Les poissons-clowns savent compter, mais seulement pour repérer la concurrence
On peut dire que cette créature orange et blanche est l’un des poissons les plus reconnaissables, en grande partie grâce au film Le Monde de Nemo, sorti en 2001. Aujourd’hui, des scientifiques ont découvert qu’ils se reconnaissent également entre eux, en comptant les bandes blanches le long de leurs flancs, afin de harceler sans relâche leurs congénères hors de leur espace.
Image d’entête : poissons-clown à trois bandes dans leur anémone. (OIST)
Les chercheurs du Collège doctoral de science et technologie d’Okinawa (OIST/ Japon) ont constaté que ces mignons poissons-clowns, ou Poisson-clown à trois bandes (Amphiprion ocellaris), acceptent les visiteurs dans leur communauté d’anémones, à condition qu’ils ne leur ressemblent pas. Malheureusement, il n’y a pas de fin au Disney, dans lequel les poissons apprennent à voir au-delà de la première impression et acceptent leur invité surprise. L’intrus à trois rayures sera plutôt agressivement mordu et chassé par l’alpha de la colonie.
Selon le premier auteur, Kina Hayashi, de l’unité Marine Eco-Evo-Devo de l’OIST :
La fréquence et la durée des comportements agressifs chez les poissons clowns étaient les plus élevées envers les poissons à trois bandes comme eux. La fréquence et la durée des comportements agressifs des poissons clowns étaient les plus élevées envers les poissons à trois bandes comme eux, tandis qu’elles étaient plus faibles envers les poissons à une ou deux barres et les plus faibles envers ceux sans barres verticales, ce qui suggère qu’ils sont capables de compter le nombre de barres afin de reconnaître l’espèce de l’intrus.
L’équipe a découvert ce comportement unique lors de deux expériences en laboratoire.
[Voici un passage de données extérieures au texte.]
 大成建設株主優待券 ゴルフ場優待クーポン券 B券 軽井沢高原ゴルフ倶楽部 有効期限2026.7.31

Dans la première, des individus de différentes espèces de poissons-clowns, arborant donc différents nombres de rayures blanches, ont été placés dans des caisses à l’intérieur d’un aquarium abritant une colonie à trois bandes, et les chercheurs ont enregistré le temps qu’il fallait aux poissons de la colonie pour fixer le visiteur et l’encercler. Ensuite, la colonie a reçu des disques en plastique peints de manière réaliste pour ressembler à d’autres espèces de poissons-clowns, y compris la leur, et leur agressivité à l’égard des objets a été mesurée.
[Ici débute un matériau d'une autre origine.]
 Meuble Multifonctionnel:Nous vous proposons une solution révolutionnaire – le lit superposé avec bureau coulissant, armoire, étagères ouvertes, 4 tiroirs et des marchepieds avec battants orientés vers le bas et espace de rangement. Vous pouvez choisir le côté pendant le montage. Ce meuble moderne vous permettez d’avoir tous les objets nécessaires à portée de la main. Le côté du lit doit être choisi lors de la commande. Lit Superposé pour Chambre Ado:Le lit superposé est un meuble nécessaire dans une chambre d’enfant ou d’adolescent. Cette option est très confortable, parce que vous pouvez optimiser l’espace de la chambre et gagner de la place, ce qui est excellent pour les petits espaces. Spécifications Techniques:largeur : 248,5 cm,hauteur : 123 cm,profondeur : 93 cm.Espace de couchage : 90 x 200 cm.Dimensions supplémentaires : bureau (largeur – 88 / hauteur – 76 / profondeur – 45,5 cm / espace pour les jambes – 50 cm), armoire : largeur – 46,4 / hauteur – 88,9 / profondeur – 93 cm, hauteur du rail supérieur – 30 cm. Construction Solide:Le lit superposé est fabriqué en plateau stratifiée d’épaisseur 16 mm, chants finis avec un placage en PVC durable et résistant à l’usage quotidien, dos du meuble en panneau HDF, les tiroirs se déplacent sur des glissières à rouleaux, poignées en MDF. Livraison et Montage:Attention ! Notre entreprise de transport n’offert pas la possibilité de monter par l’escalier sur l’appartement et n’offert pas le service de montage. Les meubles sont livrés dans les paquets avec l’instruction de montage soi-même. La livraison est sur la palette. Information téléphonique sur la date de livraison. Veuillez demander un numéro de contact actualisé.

Les faux poissons utilisés, à la place de la véritable espèce, pour tester l’agressivité d’une colonie de poissons-clowns envers les inconnus de leur propre espèce. (Kina Hayashi/ OIST)
Les poissons-clowns de l’aquarium se sont montrés les plus agressifs envers les poissons et les modèles à trois bandes, tandis que les attaques et les encerclements devenaient moins fréquents au fur et à mesure que le nombre de bandes blanches diminuait. Comme les poissons n’ont pas d’autres traits distinctifs, les chercheurs pensent que les poissons-clowns « comptent » les bandes blanches pour déterminer l’intensité de leur réaction agressive.
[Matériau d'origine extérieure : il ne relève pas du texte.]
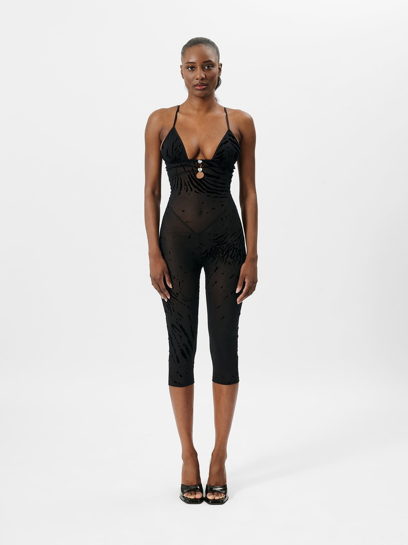 SCARLETT PEDAL PUSHER JUMPSUIT BLACK ZEBRA PRINT

Dans le cadre de l’étude, ils ont également observé la hiérarchie rigide de la colonie. Dans la nature, une femelle alpha, qui a atteint la maturité nécessaire pour arborer les trois bandes et qui possède un léger avantage de taille, serait chargée d’attaquer les intrus. Bien que de jeunes poissons aient été utilisés dans cette expérience, l’équipe a constaté que les plus grands poissons jouaient le même rôle que l’alpha de la colonie.
Figure illustrant le comportement agressif de l’Amphiprion ocellaris, ou poisson clown, face à différentes espèces de poissons anémones, vivants ou modèles. (Kina Hayashi/ OIST)
Les poissons-clowns partagent l’une des plus fascinantes relations symbiotiques de la nature avec l’anémone (Heteractis magnifica). Celle-ci appartient à l’embranchement des cnidaires, qui comprend les méduses et les coraux. Comme ces animaux, elles possèdent de minuscules tentacules urticants, ou nématocystes, qui libèrent des composés toxiques sur les proies qui ne se doutent de rien. Cependant, comme le poisson-clown naît avec une solide armure de mucus qui, à l’âge adulte, est plusieurs fois plus épaisse que celle des autres poissons, il peut vivre tranquillement parmi les anémones, échangeant un abri contre des nutriments fournis par leurs déchets.
L’étude publiée dans le Journal of Experimental Biology : Counting Nemo: anemonefish Amphiprion ocellaris identify species by number of white bars et présentée sur le site du Collège doctoral de science et technologie d’Okinawa : Clown anemonefish seem to be counting bars and laying down the law.